Collected data entries:
# # #

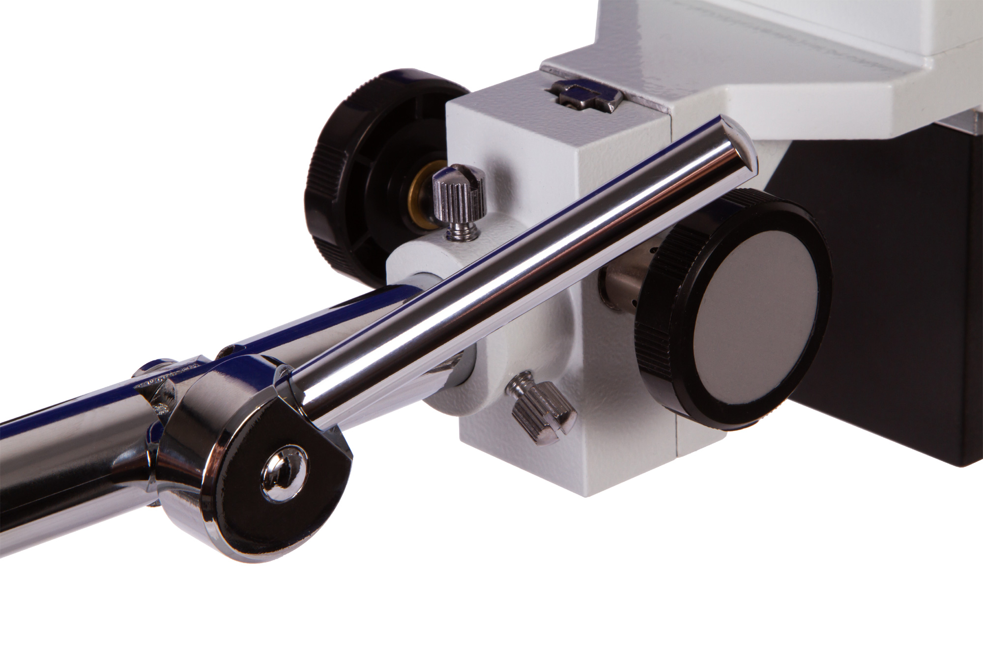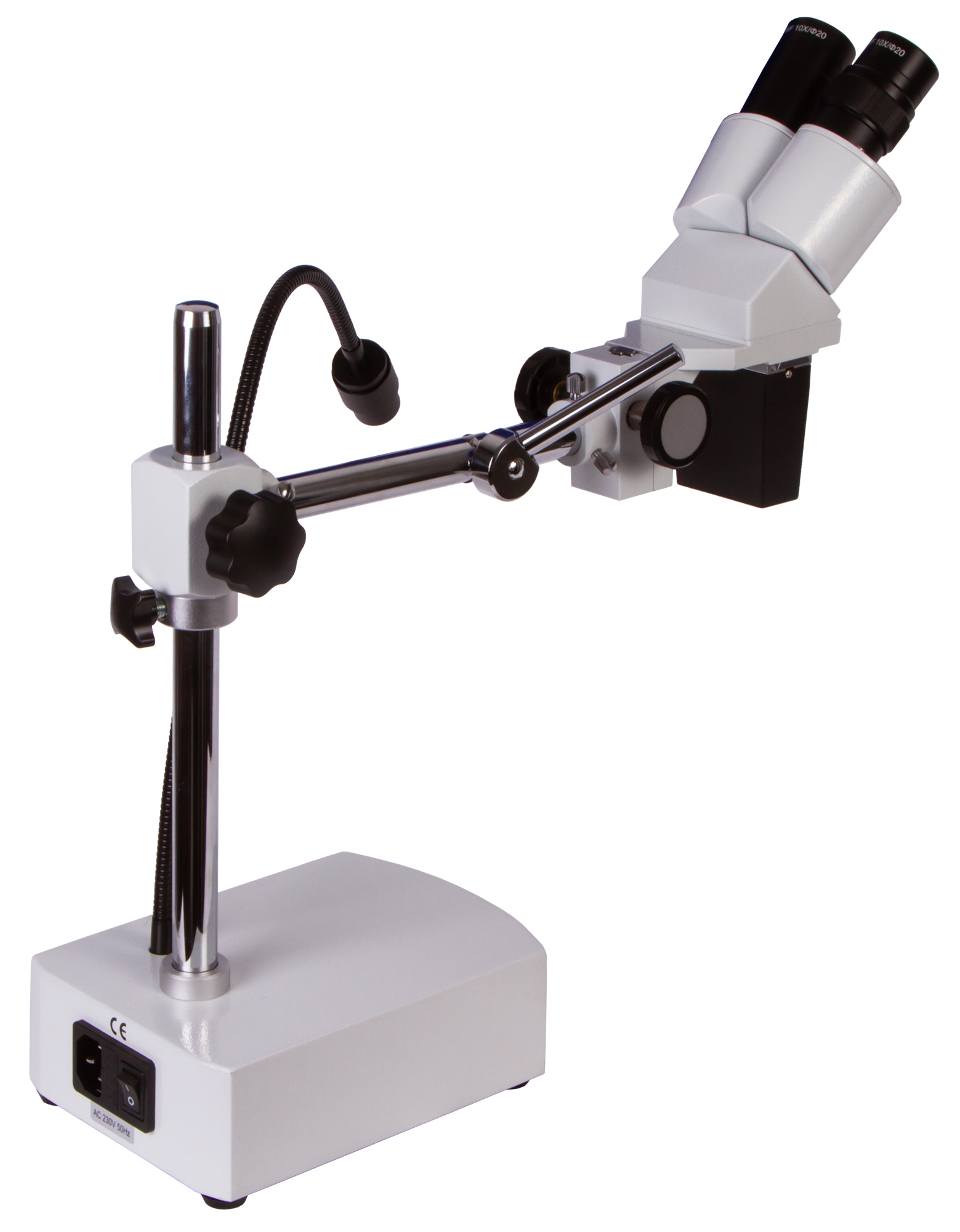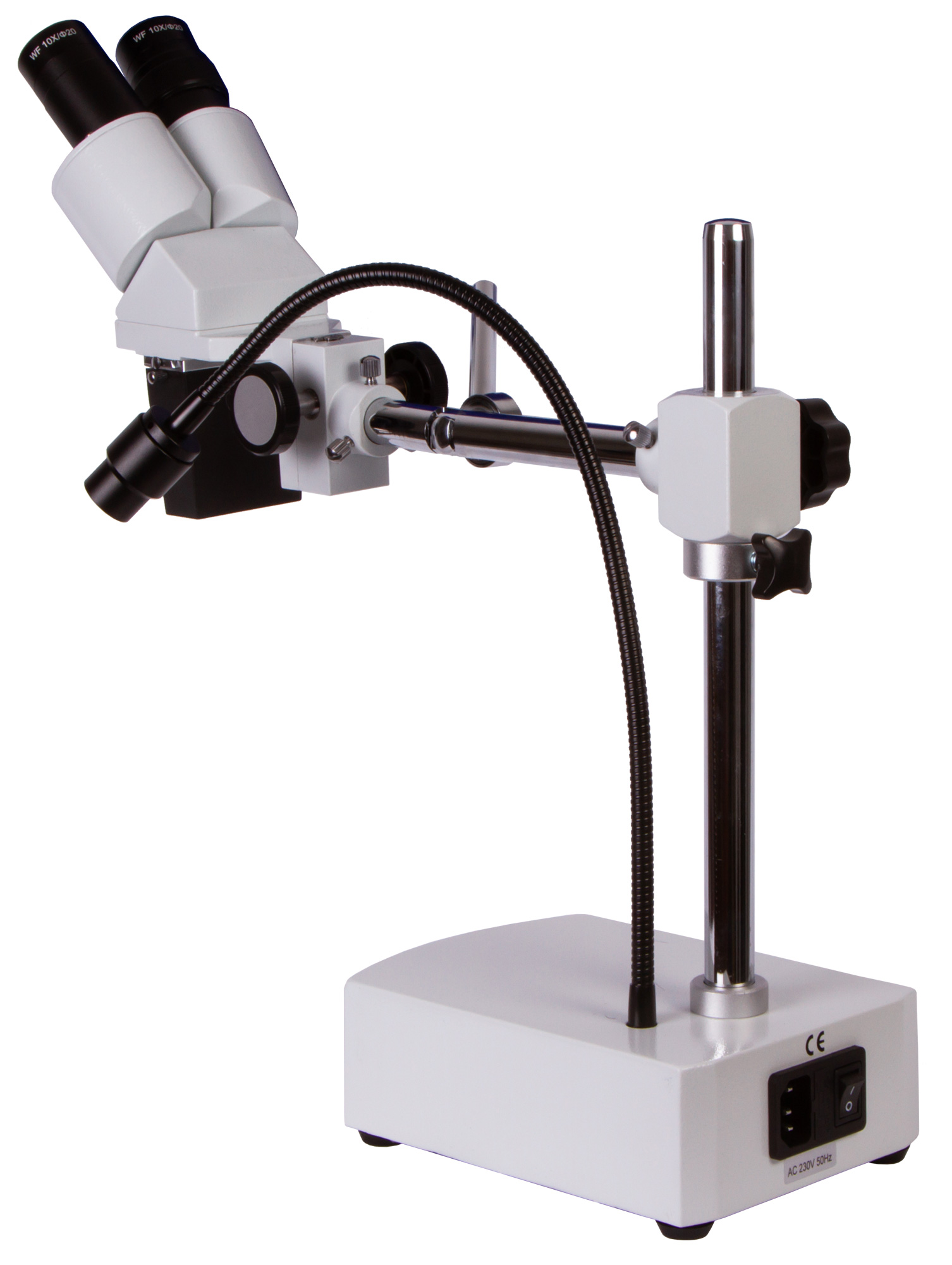 Микроскоп снабжен бинокулярной насадкой, парой широкоугольных объективов и тремя сменными объективами. Интересным образом устроен узел освещения – он представляет собой гибкий штатив с зафиксированным на его конце светодиодом. Яркость подсветки можно регулировать. Для ее питания используется сеть переменного тока.
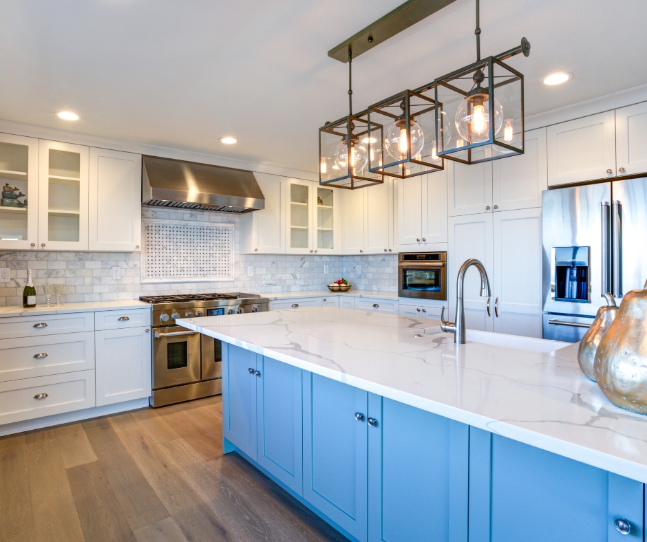 Project Summary We remodeled this client’s entire home, and this bold new kitchen is truly stunning! We removed the dividing wall between the dining area and the kitchen in order to open up the space and increase the exposure to natural light. With the wall gone, we were able to design the kitchen around an oversized island […]
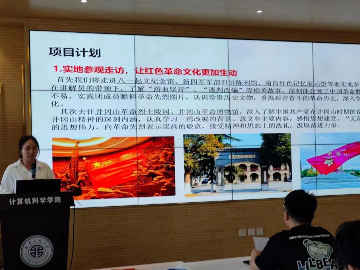 本年度暑期社会实践共有30支队伍参加答辩,经学院推荐,共推荐8支团队参加校级重点团队的立项答辩。答辩包括项目陈述和评委提问两个环节。各个团队负责人从实践的目的意义、实践内容、实践亮点、前期开展的工作,经费预算等方面进行PPT展示。
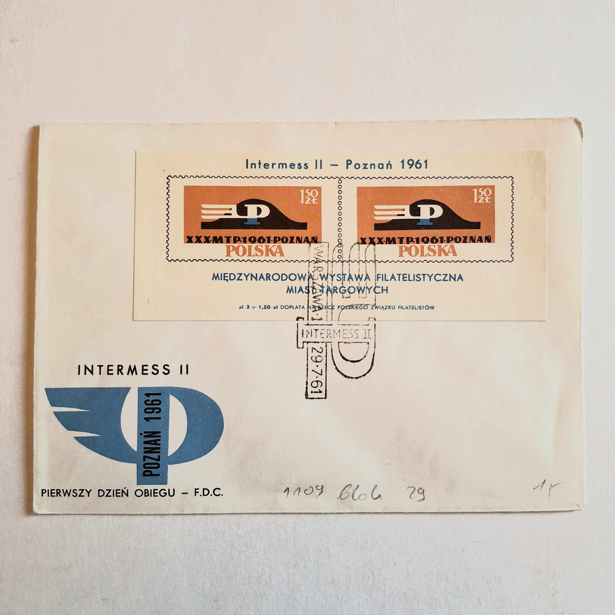 ilość Fi 1109 blok 29 koperta niebieska FDC Międzynarodowa Wystawa Filatelistyczna Miast Targowych "Intermess II"
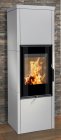 Krbová kamna Haas+Sohn se stříbrnými dvířky a externím přívodem vzduchu.
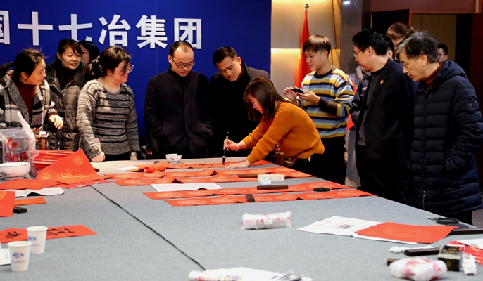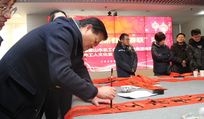 “千门万户曈曈日,总把新桃换旧符”,为迎接即将到来的新春佳节,1月19日,十七冶工会与马鞍山市总工会联合举办,马鞍山市文化宫承办“挥毫泼墨送春联,龙飞凤舞迎新春”为主题的迎新春、送春联活动,活动吸引了大批的职工,现场热闹非凡,喜气洋洋。马鞍山市工人文化宫主任、书记翟明霞,原市书法家协会主席袁诚,副主席徐难易、汪敏文,安徽省书法家协会会员吴俊,中国十七冶集团工会主席、副总经济师魏致家,中国十七冶集团工会副主席、党委工作部副部长李静出席活动。
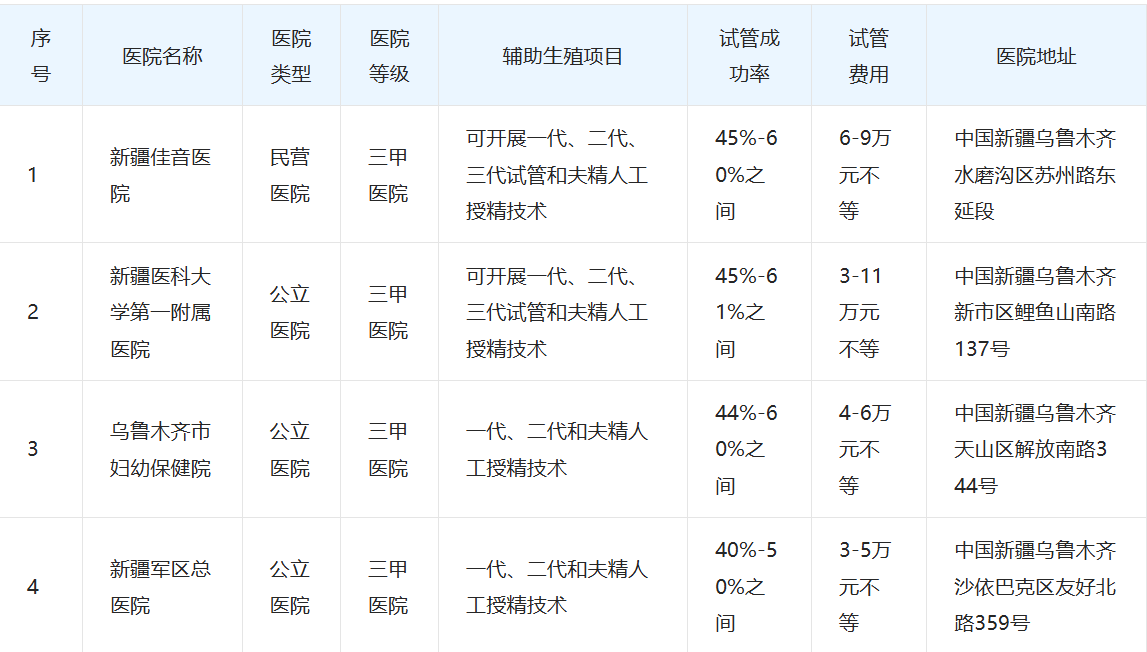 乌鲁木齐市有的试管医院比较集中,因此有很多患者在就医治疗前不知选择哪一家医院,下面就通过对这4家医院的介绍和排名,让大家知道乌鲁木齐试管医院哪家更好。

# # #

=== Instructions to follow ===
The entries above are to be repeated in full, except for their pictures.

=== Answer area ===
 Микроскоп снабжен бинокулярной насадкой, парой широкоугольных объективов и тремя сменными объективами. Интересным образом устроен узел освещения – он представляет собой гибкий штатив с зафиксированным на его конце светодиодом. Яркость подсветки можно регулировать. Для ее питания используется сеть переменного тока.
 Project Summary We remodeled this client’s entire home, and this bold new kitchen is truly stunning! We removed the dividing wall between the dining area and the kitchen in order to open up the space and increase the exposure to natural light. With the wall gone, we were able to design the kitchen around an oversized island […]
 本年度暑期社会实践共有30支队伍参加答辩,经学院推荐,共推荐8支团队参加校级重点团队的立项答辩。答辩包括项目陈述和评委提问两个环节。各个团队负责人从实践的目的意义、实践内容、实践亮点、前期开展的工作,经费预算等方面进行PPT展示。
 ilość Fi 1109 blok 29 koperta niebieska FDC Międzynarodowa Wystawa Filatelistyczna Miast Targowych "Intermess II"
 Krbová kamna Haas+Sohn se stříbrnými dvířky a externím přívodem vzduchu.
 “千门万户曈曈日,总把新桃换旧符”,为迎接即将到来的新春佳节,1月19日,十七冶工会与马鞍山市总工会联合举办,马鞍山市文化宫承办“挥毫泼墨送春联,龙飞凤舞迎新春”为主题的迎新春、送春联活动,活动吸引了大批的职工,现场热闹非凡,喜气洋洋。马鞍山市工人文化宫主任、书记翟明霞,原市书法家协会主席袁诚,副主席徐难易、汪敏文,安徽省书法家协会会员吴俊,中国十七冶集团工会主席、副总经济师魏致家,中国十七冶集团工会副主席、党委工作部副部长李静出席活动。
 乌鲁木齐市有的试管医院比较集中,因此有很多患者在就医治疗前不知选择哪一家医院,下面就通过对这4家医院的介绍和排名,让大家知道乌鲁木齐试管医院哪家更好。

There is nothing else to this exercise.